Type Ib/Ic supernovae: effect of nickel mixing on the early-time color evolution and implications for the progenitors

TL;DR

This study uses radiation hydrodynamics simulations to explore how nickel mixing influences the early color evolution of Type Ib and Ic supernovae, revealing differences in progenitors and mixing strength.

Contribution

It introduces a detailed analysis of nickel mixing effects on supernova color evolution, linking observational signatures to progenitor composition and mixing levels.

Findings

Weak nickel mixing causes three-phase color evolution.

Strong nickel mixing eliminates the blueward phase.

SNe Ib and Ic show signatures of differing nickel mixing levels.

Abstract

We investigate the effect of mixing of radioactive nickel ($^{56}$Ni) on the early-time color evolution of Type Ib and Ic supernovae (SNe Ib/Ic) using multi-group radiation hydrodynamics simulations. We consider both helium-rich and helium-poor progenitors. Mixing of $^{56}$Ni is parameterized using a Gaussian distribution function. We find that the early-time color evolution with a weak $^{56}$Ni mixing is characterized by three different phases: initial rapid reddening, blueward evolution due to the delayed effect of $^{56}$Ni heating, and redward evolution thereafter until the transition to the nebular phase.

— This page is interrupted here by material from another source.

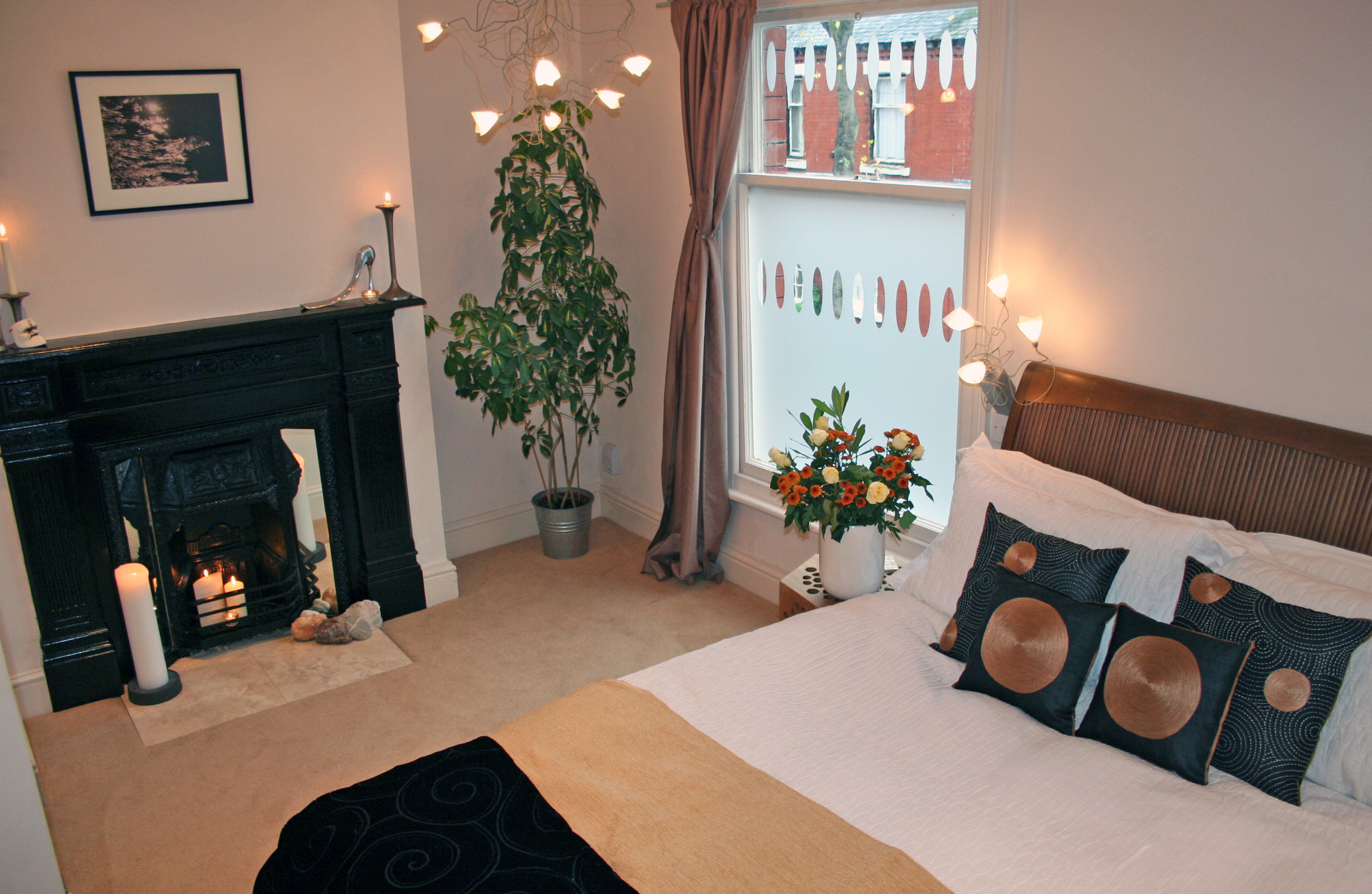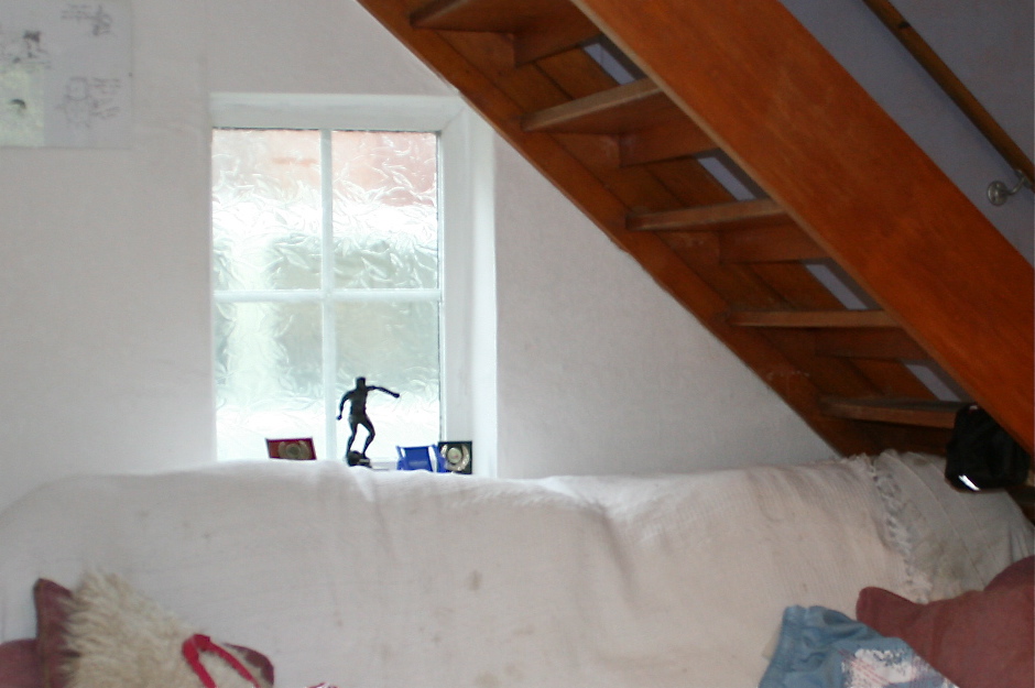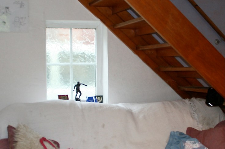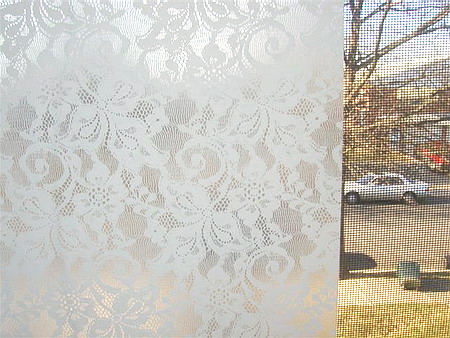 So what to do? A few years ago I renovated a house where the large North facing sash windows faced onto the street and the students in the house opposite could gaze into the room, which was going to be my bedroom, not good. So I had a company make cut some window film to the size of the window, with an oval cut pattern. ‘Scuse the dire temporary curtains below, I haven’t many images of this house, pre the digital age! The film was fantastic, we didn’t have to close the curtains during the day, yet the room was still light and private.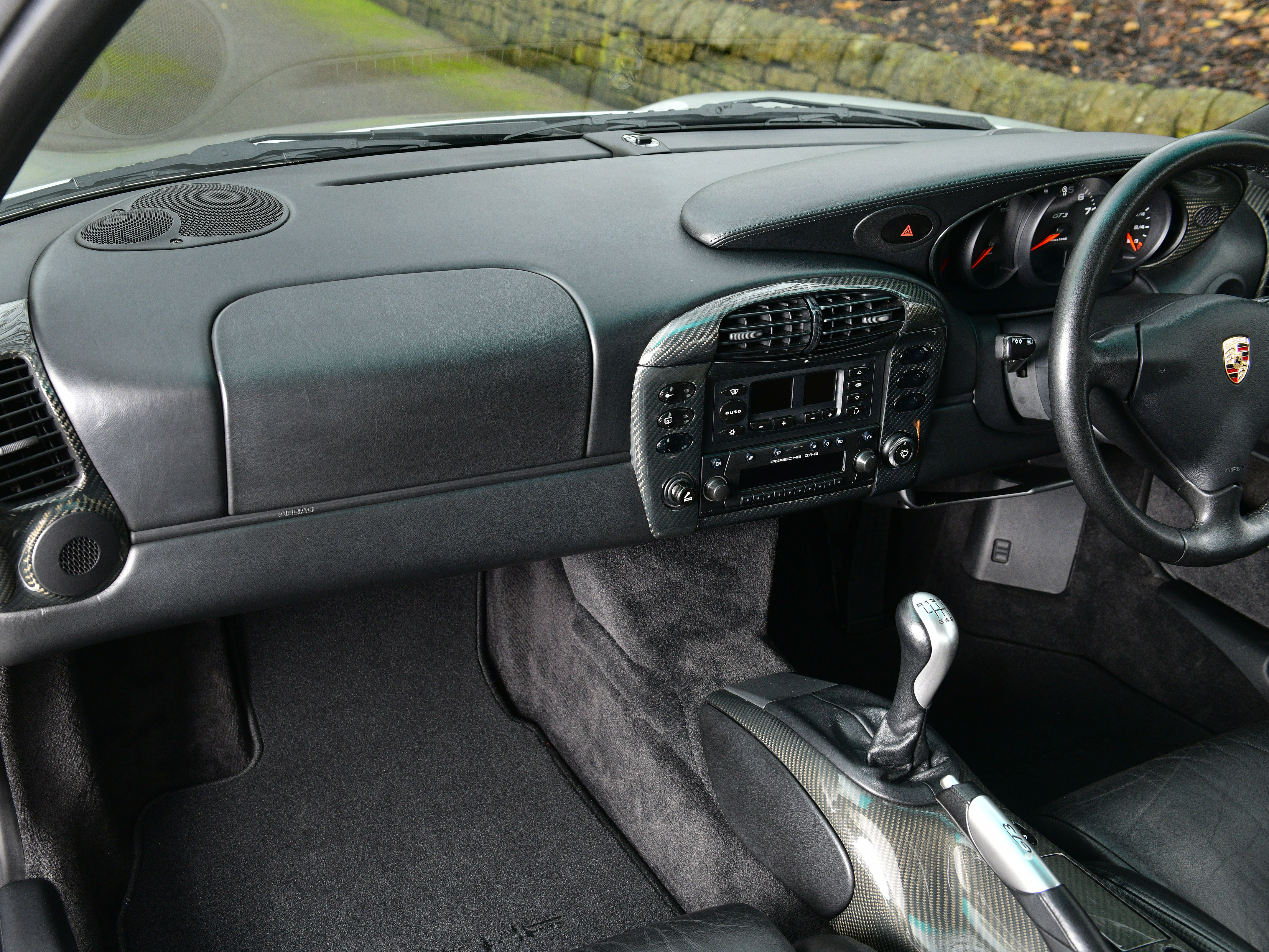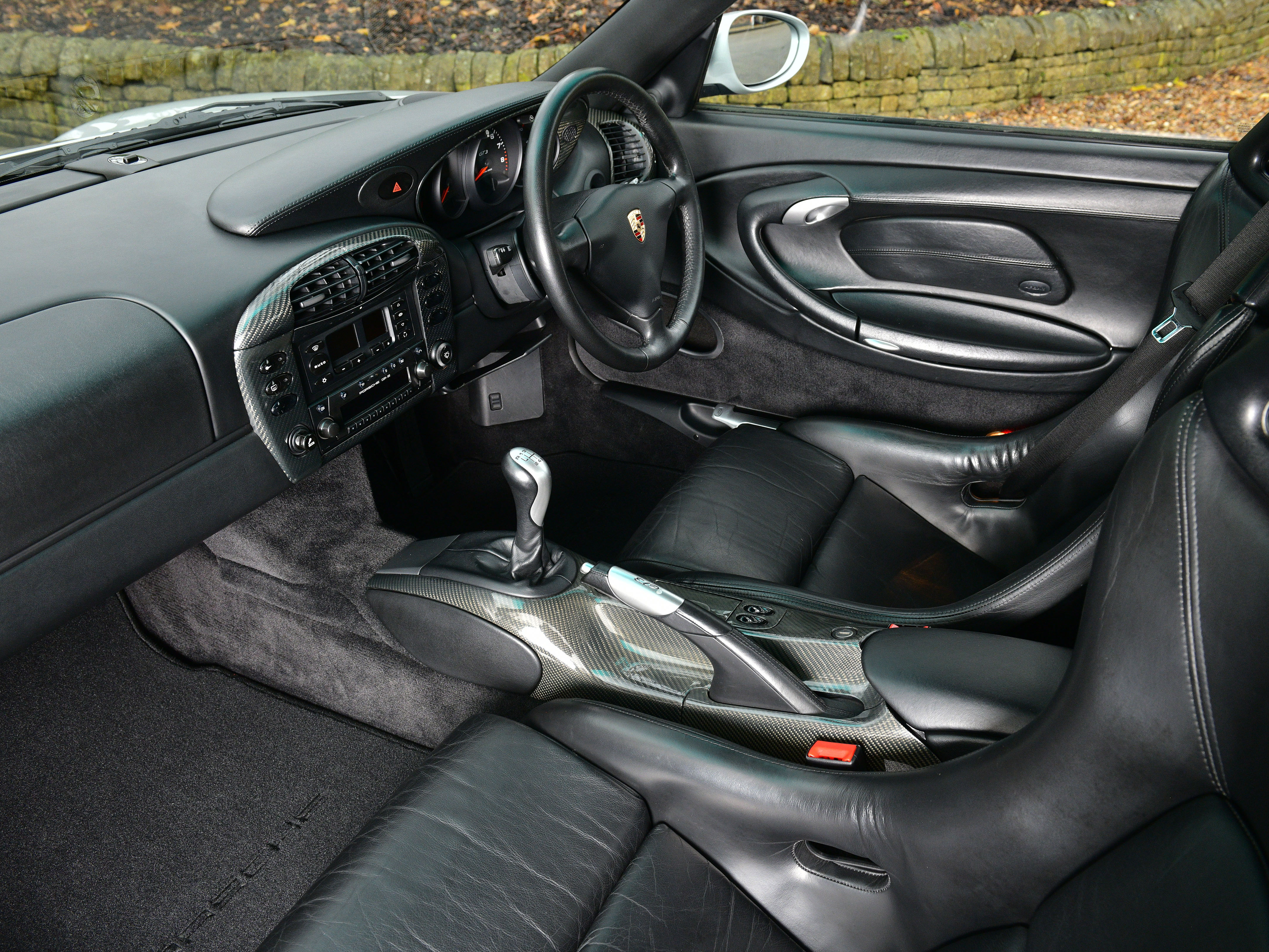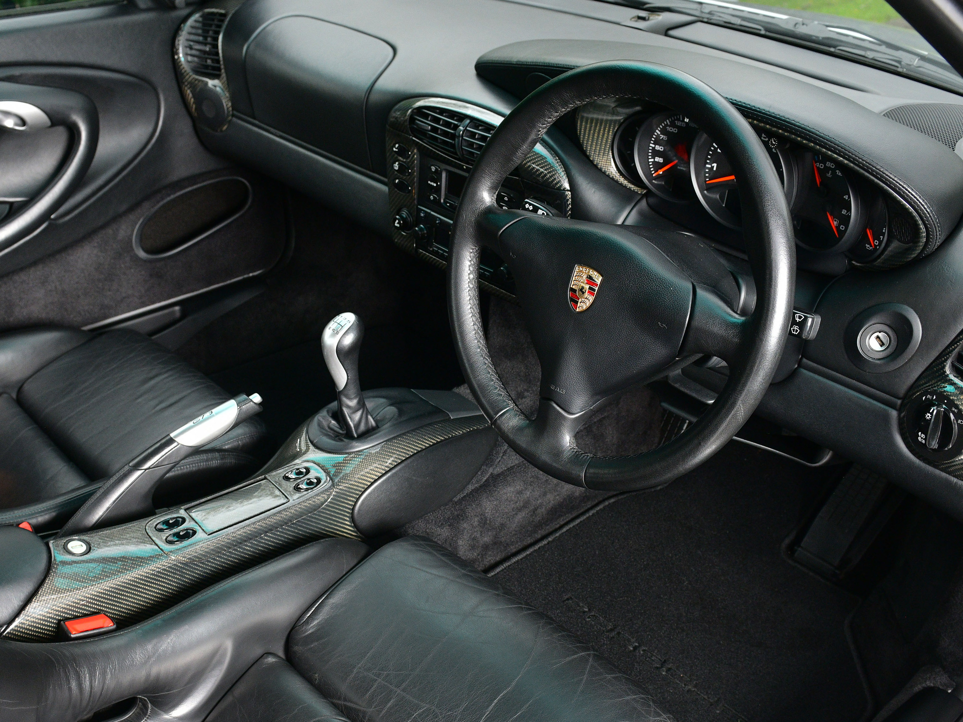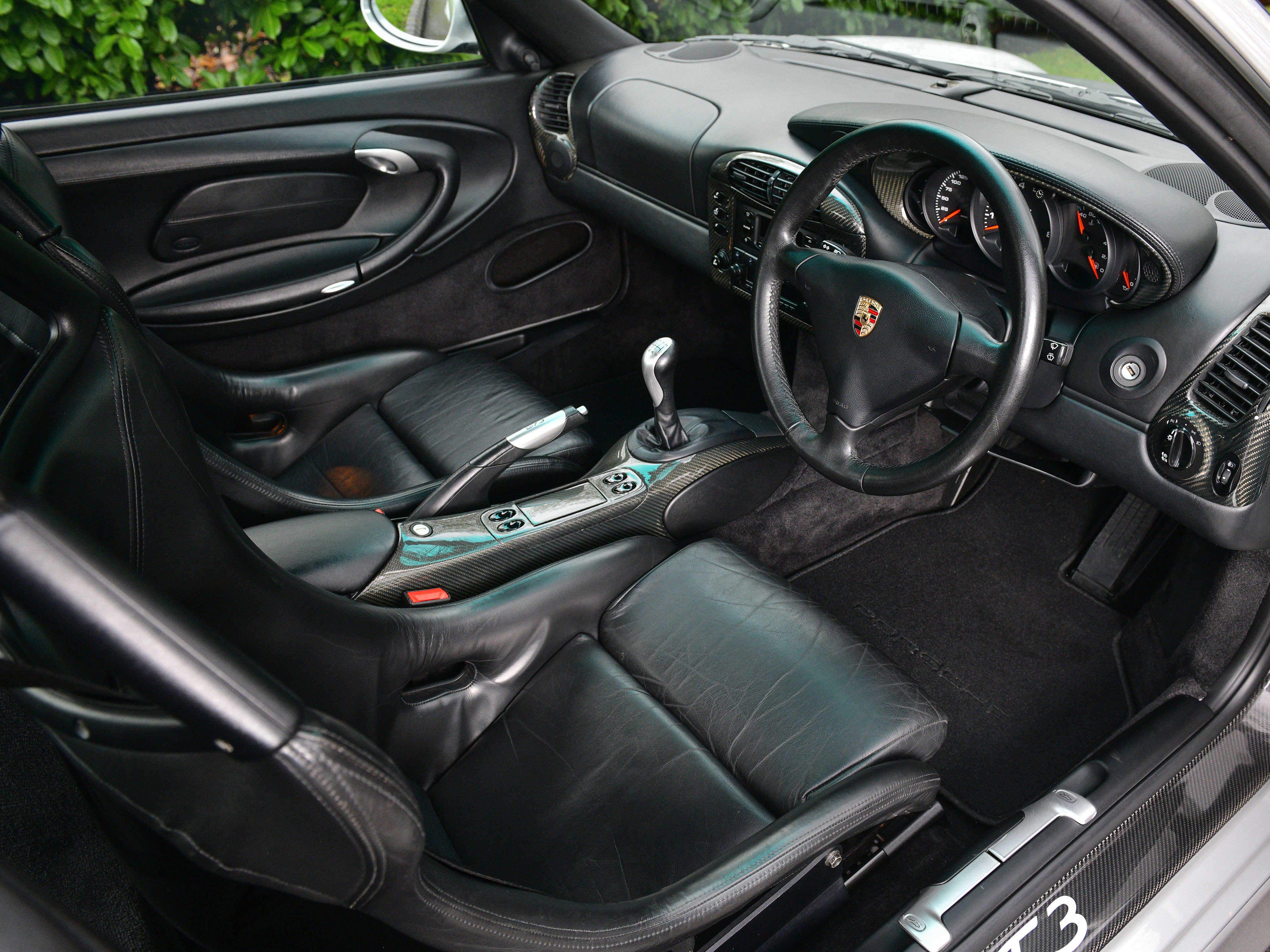 This particular UK supplied car was ordered new with the following factory options and features: Bucket seats, Air Conditioning, CDR-22 CD Radio, Manually adjustable door mirrors, 3- Spoke Airbag steering wheel, power windows, Tinted windscreen top tint and the all important Aerokit. Additionally, In July 2001, Porsche Colchester supplied and fitted a Carbon fibre dash, Carbon fibre centre console and Carbon fibre door sills.

With a strong $^{56}$Ni mixing, the second phase disappears. We compare our models with the early-time color evolution of several SNe Ib/Ic (SN1999ex, SN 2008D, SN 2009jf, iPTF13bvn, SN 1994I, SN 2007gr, SN 2013ge, and 2017ein) and find signatures of relatively weak and strong $^{56}$Ni mixing for SNe Ib and SNe Ic, respectively. This suggests that SNe Ib progenitors are distinct from SN Ic progenitors in terms of helium content and that $^{56}$Ni mixing is generally stronger in the carbon-oxygen core and weaker in the helium-rich envelope. We conclude that the early-time color evolution is a powerful probe of $^{56}$Ni mixing in SNe Ib/Ic.